52: 13; "Countdown"; Kyung-Won Lim; Rich Fogel & Paul Dini; April 7, 2001; 052
Zeta returns to Neo-Gotham with his new companion Ro to look for his creator. However, a run-in with NSA agents trying to capture him leads Zeta to be captured by Mad Stan. Batman comes to Ro's aid to help her locate Zeta, only to learn that Stan is using her friend as a walking time-bomb in his latest destructive plot.

==Film==

| Title | Directed by | Written by | Movie No. | Released |
| Batman Beyond: Return of the Joker | Curt Geda | Paul Dini | 003 | December 12, 2000 |
After having seemingly died nearly four decades ago, the Joker mysteriously reappears in Gotham City. Now fully aware of all of the original Batman's secrets, he begins targeting people close to both Bruce and his successor Terry. Terry starts to investigate and discovers the details of what happened on the night that Bruce battled the Joker for the last time. When Joker plans to use a military defense satellite to destroy Gotham City, a climactic showdown begins between the original Batman's successor and his deadliest nemesis.

==Short==

| No. | Title | Directed by | Written by | Original release date |
| 1 | "Darwyn Cooke's Batman Beyond" | Darwyn Cooke | Darwyn Cooke | April 23, 2014 |
Bruce Wayne and Terry McGinnis confront a very familiar foe.

==Crossovers==
Batman Beyond has had multiple crossovers with other series in the DC Animated Universe.
- The Zeta Project

- Static Shock

- Justice League Unlimited

| No. | Title | Directed by | Written by | Original release date |
| 8 | "Shadows" | Tim Maltby | Rich Fogel | April 7, 2001 |
The destruction caused by a fight between Zeta and Infiltration Unit 7 causes Batman to believe that Zeta is endangering his companion Ro.

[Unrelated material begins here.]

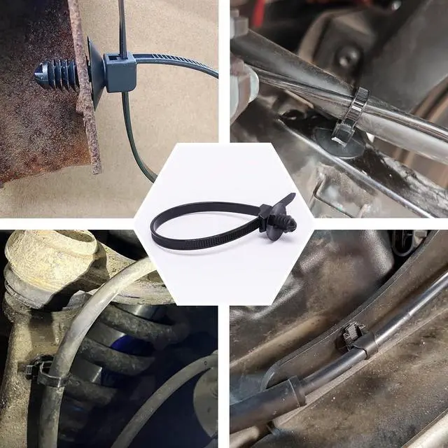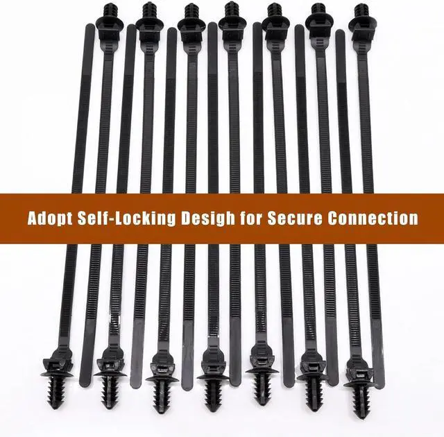 Design: Self-locking with push mount design easy to use the gears are clear good insulation. Its a tie-wrap with a fastening clip perfect to replace in most cars wiring harnessApplication: Widely used in household construction electronic auto cable and wire assembly. Good for anchoring cables (and small hoses/ tail light wire harnesses/ secure wires/ Wire Harness Clips/ factory zip tie clips/ secure spark plug wires) and is equivalent replacement for similarly factory installed wire loom tiesPackage

| No. | Title | Directed by | Written by | Original release date |
| 40 | "Future Shock" | Vic Dal Chele | Stan Berkowitz | January 17, 2004 |
Static is sent 40 years into the future, where he has to help the Batman of that era, Terry McGinnis, save a captured superhero: Static's future self.

| No. | Title | Directed by | Written by | Original release date |
| 12 | "The Once and Future Thing Part 1: Weird Western Tales" | Dan Riba | Dwayne McDuffie | January 22, 2005 |
Batman, Wonder Woman, and Green Lantern chase Chronos into the past, where they team up with some of the greatest DC heroes of the Old West. After defeating stolen future tech in that era, they again follow Chronos to the future. Warhawk, a member of the future Justice League, is revealed to be the son of Green Lantern and Hawkgirl.
| 13 | "The Once and Future Thing Part 2: Time Warped" | Joaquim Dos Santos | Dwayne McDuffie | January 29, 2005 |
Batman, Green Lantern, and Wonder Woman chase Chronos into the Neo-Gotham City of Batman Beyond, just in time to face a battle with a group of Jokerz beside that era's Justice League. The time travelers are taken to the Justice League Unlimited refuge. An older Bruce Wayne reveals the street gang they fought together was enhanced by Chronos, who led them to kill the rest of the League of that era. The combined heroes defeat the retooled Jokerz, and Batman traps Chronos in a time loop of him arguing with his wife right before he began time traveling.
| 26 | "Epilogue" | Dan Riba | Dwayne McDuffie | July 23, 2005 |
In the future of Batman Beyond, Amanda Waller reveals to an older Terry McGinnis she created the project "Batman Beyond" to continue Bruce Wayne's work. Though initially Terry believed that he was a clone of Bruce Wayne, Waller states that Bruce is instead Terry's biological father. The truth being revealed to Terry allows him to let go of his anger and fear. He calls his long-time girlfriend Dana in preparation to ask her to marry him. Note: The episode acts as the Justice League season finale, as a crossover, and as the final Batman Beyond episode. It contains many references to prior episodes of Justice League, Batman Beyond and Batman: The Animated Series such as the death of Terry's father, Ace from the episode "Wild Cards", the future Justice League, much of Terry's rogues gallery, the Gray Ghost and Andrea Beaumont. The final scene also bears a resemblance to the first scene of "On Leather Wings" (the first episode of Batman: The Animated Series).